Any help would be greatly appreciated. Been pulling out my hair for two days.
f1 <- function(init,spendV,returnV,stateV) {
# create a vector that equals an initial portfolio value (init) and sets subsequent vector elements
# equal to the previous portfolio balance minus an amount of spending and then applies a market return rate.
# Portfolio balance can never fall below zero
# When the state vector element = 4, the investor died in the previous period
endState <- which (stateV == 4)
portfoliobal <- rep(0,length(spendV))
portfoliobal[1] <- (init - spendV[1]) * returnV[1]
for (i in (2:length(spendV))) {
portfoliobal[i] <- max(0,(portfoliobal[i-1] - spendV[i]) * returnV[i])
}
# the function returns the portfolio balance when the investor dies
return(portfoliobal[endState])
}
# spending, market growth rates, and the period of death are given vectors
spendV <- c(97719.19,97737.92,102649.4,98669.15,78108.44,58105.49,51710.02,53267.12,
39982.34,21070,22439.68,21375.4,15613.45,10826.54,9333.82,7808.239,
8737.435,8382.001,7267.976,6534.688,5129.403,5026.947,4931.132,5468.401,
5033.245,5195.273,5199.938,4854.684,5039.221,3757.753,1822.97,1202.24,
1237.238,965.111,1051.235,906.4884,1110.66,1018.127,500.788,538.2703,
584.5545,599.1832,575.2254,640.8828,604.0179,781.878,595.9795,625.5037,
615.471,667.4227)
init <- 1000000
returnV <- c(0.9347388,1.170053,1.204515,0.9572276,1.044682,0.9229759,1.110595,0.9299398,
1.161509,1.053207,1.058104,0.8997761,1.000342,1.353597,1.031785,1.121795,0.8745584,
1.05637,1.180234,0.9795393,0.9137375,0.772738,1.021843,0.9697467,1.055284,0.9182615,
0.9662726,1.105152,1.099005,0.9195565,0.895424,0.9226368,1.196467,1.085768,0.9529325,
1.485245,0.9124764,0.8978044,0.8021779,0.9064698,1.034353,0.9914232,0.742632,
0.9308539,0.9683604,0.9325817,1.000051,1.145982,1.018012,1.127159)
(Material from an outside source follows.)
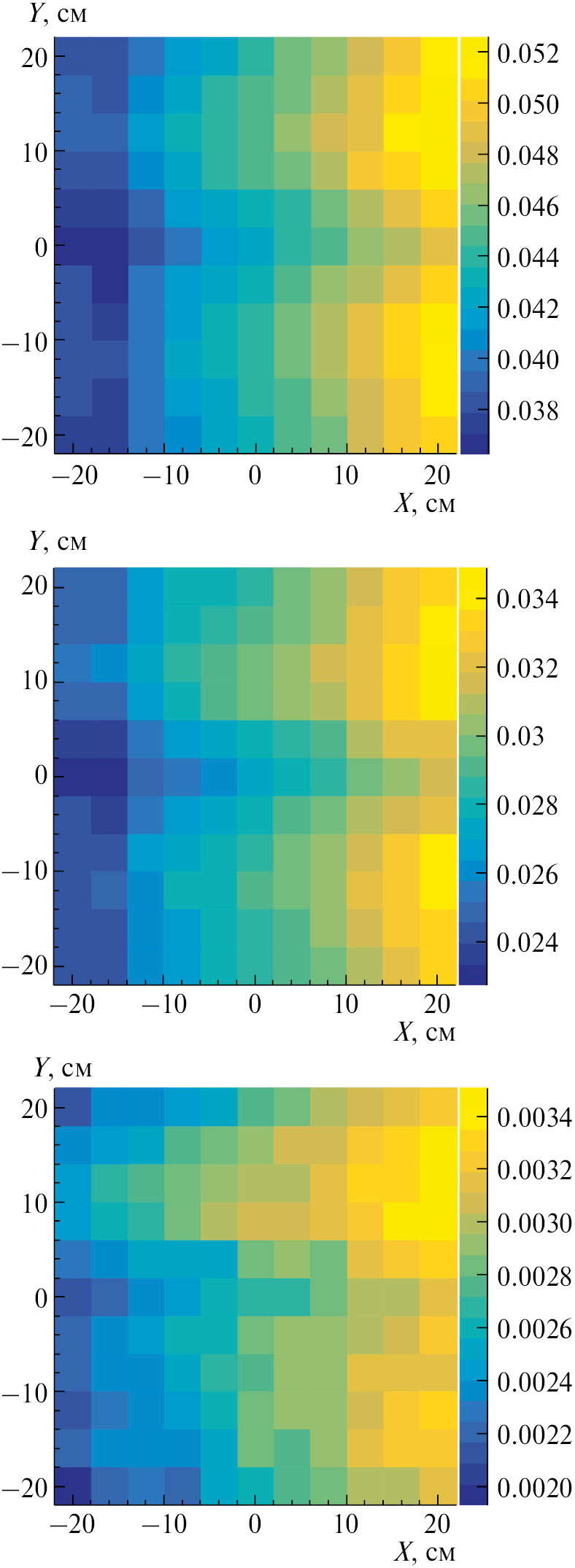 Распределение попаданий всех частиц в ячейки слоя VETO без отбора по времени показано на верхнем графике рис. 8. Аналогичное распределение с отбором по времени 25 нс показано на рис. 8 в центре. Большая частота попаданий наблюдается на стороне VETO, которая находится ближе к оси луча. Частота попаданий нормирована на одно взаимодействие в мишени. При максимальной ожидаемой частоте взаимодействий около 7 кГц частота попаданий в одиночной ячейке VETO ожидается не более 350 в секунду. Из-за низкой частоты попаданий вероятность наличия двух и более попаданий в один сцинтиллятор составляет менее 0.3% (рис. 8 снизу).

stateV <- c(3,3,3,3,3,3,3,3,3,3,3,3,3,3,3,3,3,3,3,3,3,3,3,3,3,3,
2,2,2,2,2,2,2,4,0,0,0,0,0,0,0,0,0,0,0,0,0,0,0,0)
cat("\n\nCritical vector element= ",which(stateV == 4))
# the critical vector element is the portfolio balance at death
# I experiment with different inital portfolio values and find that portfolio balance[34] approaches zero
# when initial portfolio balance is about 710,000
f1value <- f1(init=1000000,spendV,returnV,stateV)
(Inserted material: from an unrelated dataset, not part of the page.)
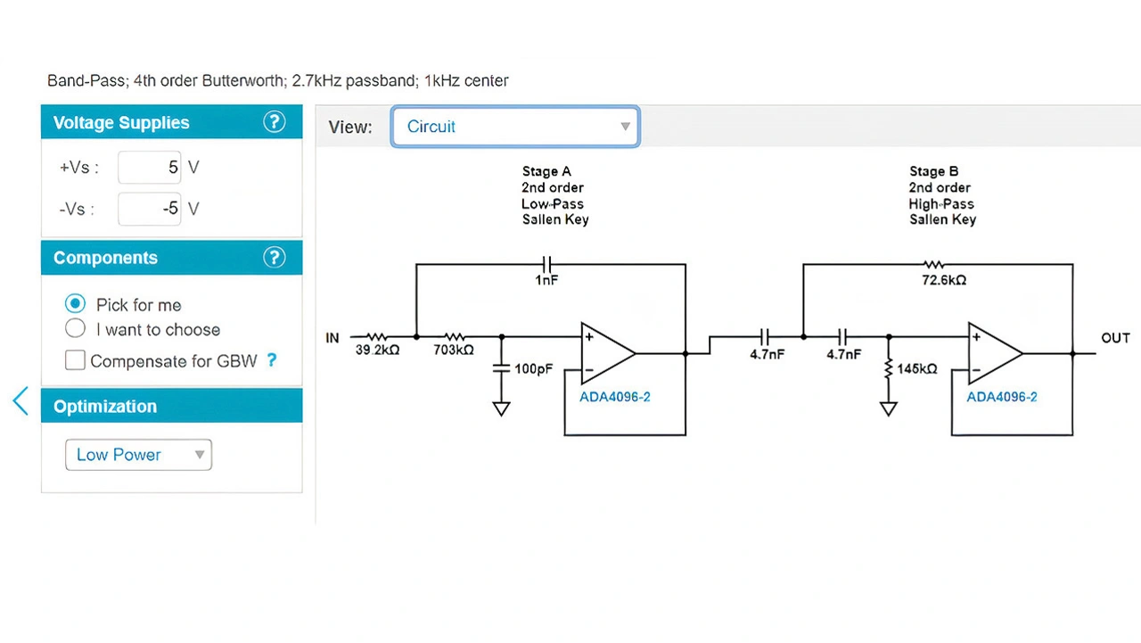 Nachdem die gewünschte Frequenzkurve bestimmt wurde, zeigt das Tool automatisch die Schaltung an, mit der diese Frequenzkurve erzielt wird (Bild 3). Der Entwickler muss die Übertragungsfunktionen nicht manuell mit den Tabellen der verschiedenen Filtertypen abgleichen.

cat ("\n\nf1value for critical vector element",which(stateV == 4)," when inital value = 1,000,000: ",f1value)
f1value <- f1(init=800000,spendV,returnV,stateV)
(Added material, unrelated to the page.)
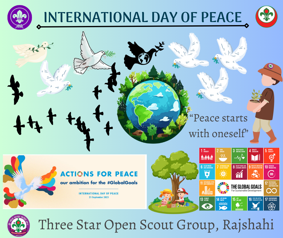 ২১ সেপ্টেম্বর, আন্তর্জাতিক পিস ডে -২০২৩ পালন করেছে রাজশাহীর থ্রি স্টার ওপেন স্কাউট দল। পুরো বিশ্বের সাথে তাল মিলিয়ে তারা এই দিনটি উদযাপন করেছে।

cat ("\n\nf1value for critical vector element",which(stateV == 4)," when inital value = 800,000: ",f1value)
f1value <- f1(init=710000,spendV,returnV,stateV)
cat ("\n\nf1value for critical vector element",which(stateV == 4)," when inital value = 710,000: ",f1value)
# I am trying to find the initial portfolio balance that leaves zero dollars in portfolio balance vector [34]
# ---- BUT not BEFORE portfolio balance [34]
# opt <- optimize(f1,c(0,10000000),spendV,returnV,stateV,maximum = FALSE)
Answer
optim() and optimize() both seek a minimum (by default). You want a zero. The function you are looking for is uniroot(). Do this:
uniroot(f=f1, interval=c(1, 1e7), spendV=spendV, returnV=returnV, stateV=stateV)
#> $root
#> 703932.9
Some other stuff
For fun, here's a re-write of your function in vectorized notation (I lazily left out the returnV and spendV args):
f2 <- function(init, end=34) {
init*prod(returnV[1:end]) - sum(cumprod(returnV[end:1])*spendV[end:1])
}
uniroot(f2, c(1, 1e7))
#> $root
#> 703932.9
In general, if you are testing possible solutions, you might find it easier to plot a whole bunch of solutions, rather than trying them one at a time and reporting the result with cat(). Here's how I might go about it:
x <- seq(1, 2e6, by=100000)
y <- f2(x, 34)
plot(x, y, pch=20)
abline(v=0, h=0)
One last thought: in your function f1, the line which(stateV==4) might return a vector of values if the user inputs, say, stateV=c(1,4,4). I'm guessing you want the first occurrence of a "4", which you can accomplish with which(stateV==4)[1] or if(sum(stateV==4)>1) stop("Too many 4s!").